Instructions to follow
Exclude the pictures, then restate exactly each line of the data below from the first through the line containing "Комната чистая и".

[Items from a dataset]
###
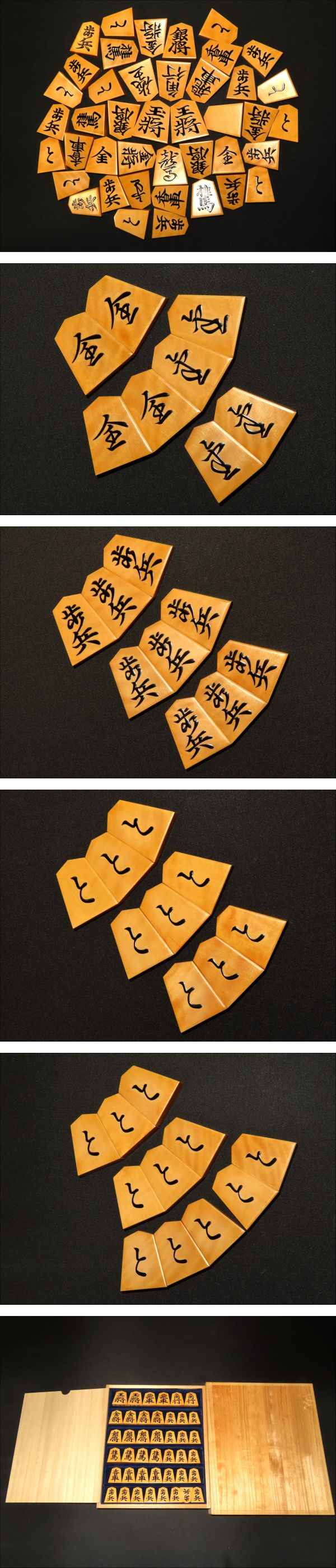 木地は御蔵島黄楊虎斑。御覧の通り非常に味の良い木地です。全ての駒の表裏をUPいたしましたので是非ご覧ください。
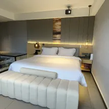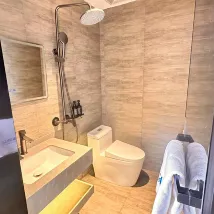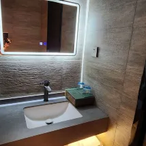 Комната чистая и новая. Есть умное устройство, свет на шторах можно включать и выключать по звонку, есть проекционный экран. Есть достаточно горячей воды для купания. Единственный недостаток - вода в умывальнике. Бассейн сливается очень медленно, в результате чего вода просачивается из земли.
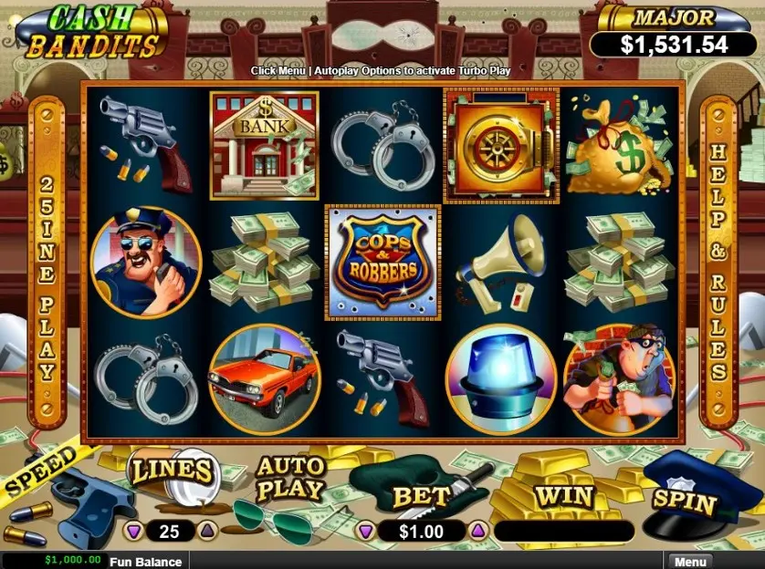 Cash Bandits è una slot machine creata da Realtime Gaming. In base al numero di giocatori che la cercano, Cash Bandits è una slot abbastanza popolare. Non è fra i titoli più conosciuti, ma ha catturato l'attenzione di alcuni giocatori di slot. Provala gratis per decidere se ti piace.
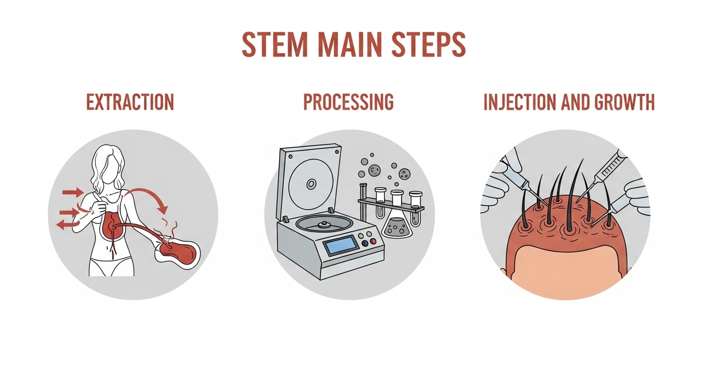 줄기세포 탈모 치료 과정은 주로 자가 지방 또는 혈액 채취, 줄기세포 분리 및 농축, 그리고 농축된 줄기세포를 탈모 부위에 직접 주사하는 세 가지 주요 단계로 진행됩니다. 각 단계는 전문 의료진의 지도하에 안전하게 이루어집니다.
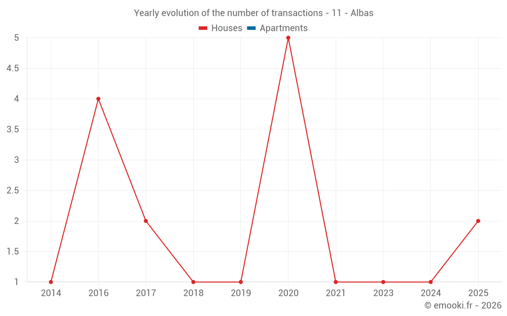 Real estate price map in the municipality of Albas, choose a section to see transactions by parcel.
###
Response
 木地は御蔵島黄楊虎斑。御覧の通り非常に味の良い木地です。全ての駒の表裏をUPいたしましたので是非ご覧ください。
 Комната чистая и новая. Есть умное устройство, свет на шторах можно включать и выключать по звонку, есть проекционный экран. Есть достаточно горячей воды для купания. Единственный недостаток - вода в умывальнике. Бассейн сливается очень медленно, в результате чего вода просачивается из земли.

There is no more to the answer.